The effects of the administered supplementation can be ascribed to the combination of three ingredients, namely palmitoylethanolamide (PEA), bovine colostrum and Bacillus subtilis, with proven enteroprotective, immunomodulatory and eubiotic (i.e., stimulating the growth of a healthy microbiota) properties.
PEA is a N-acylethanolamine endogenously produced from membrane glycerophospholipids [35]; it functions as a pro-homeostatic mediator against inflammation and tissue damage, by down-modulating the activity of immune cells (e.g., mast cells, macrophages) and glial cells [36,37,38]. Aside from playing a key role in maintaining intestinal homeostasis under normal conditions, enteric glial cells may respond to gut injury with an excessive release of neurotrophins, growth factors and cytokines resulting in the recruitment and further activation of immune cells, such as macrophages, neutrophils and enteric mast cells [39,40]. The anti-inflammatory effects of PEA depend on its ability to activate, directly and indirectly, receptors belonging to the extended endocannabinoid system (i.e., the endocannabinoidome) [41], like peroxisome proliferator-activated receptor-alpha (PPAR-α) [22]. PEA-mediated activation of PPARα reduces nitric oxide production, neutrophil influx and the expression of proinflammatory mediators in the colon mucosa [42,43]. Experimental studies with mice demonstrated that PEA administration is able to reduce intestinal inflammation and normalise intestinal motility [22,44], provided it is formulated in bioavailable form, e.g., ultramicronised PEA [45]. Accordingly, a study performed on human volunteers showed the ability of PEA to prevent inflammation-induced hyperpermeability of the gut [43]. Recent evidence also suggests a link between endocannabinoid-like modulators (e.g., PEA) and gut microbiota homeostasis [46].
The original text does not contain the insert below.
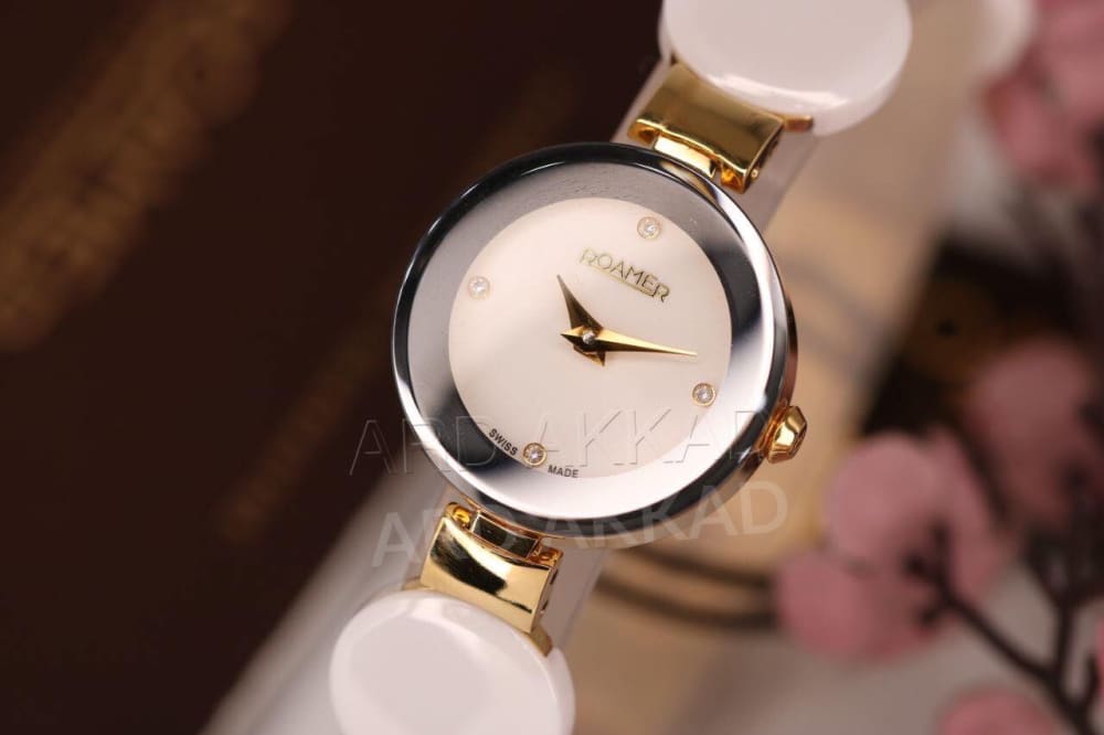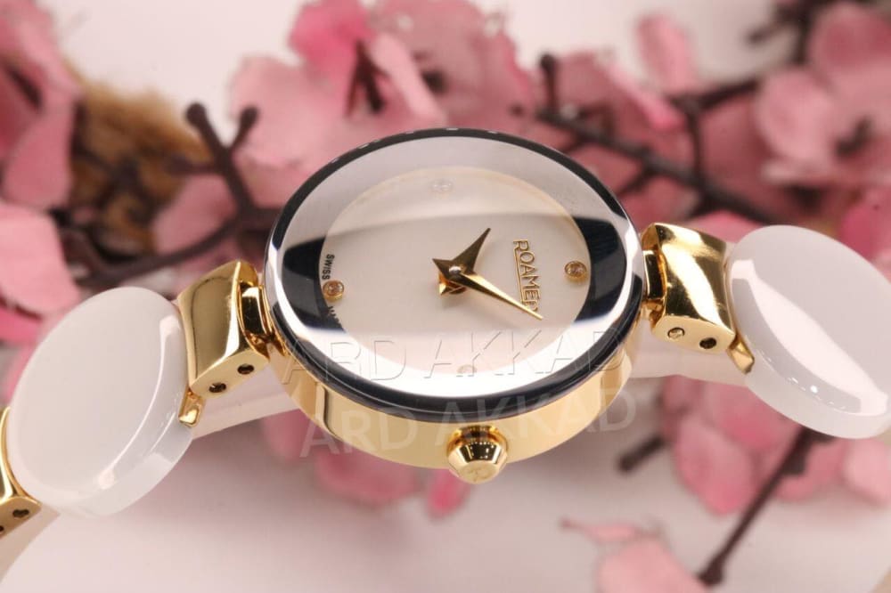 - لون الحزام ذهبي مطعم بالسيراميك الأبيض

Bovine colostrum is an immunomodulating compound rich in nutrients and bioactive peptides, including growth factors and immunoglobulins (Ig) that can inhibit the colonization of the intestine and the production of biological toxins by harmful microorganisms [39,40,47]. Substantial amounts of orally ingested bovine colostrum survive passage through the stomach to remain intact and active in the lower parts of the intestine [39]. It has been demonstrated that colostrum is helpful in preventing and limiting diarrhoea of different origins, as well as reversing infection-induced inflammation of the digestive tract, possibly through the improvement of mucosal integrity, tissue repair and direct antimicrobial action [48,49]. A randomized placebo-controlled study carried out with 70 weanling puppies demonstrated a greater improvement in faecal quality in the colostrum-supplemented group [47]. Moreover, another study showed increased faecal IgA levels (suggestive of the enhanced immune response) and improved gut microbiota diversity as well as stability in dogs receiving dietary bovine colostrum [39].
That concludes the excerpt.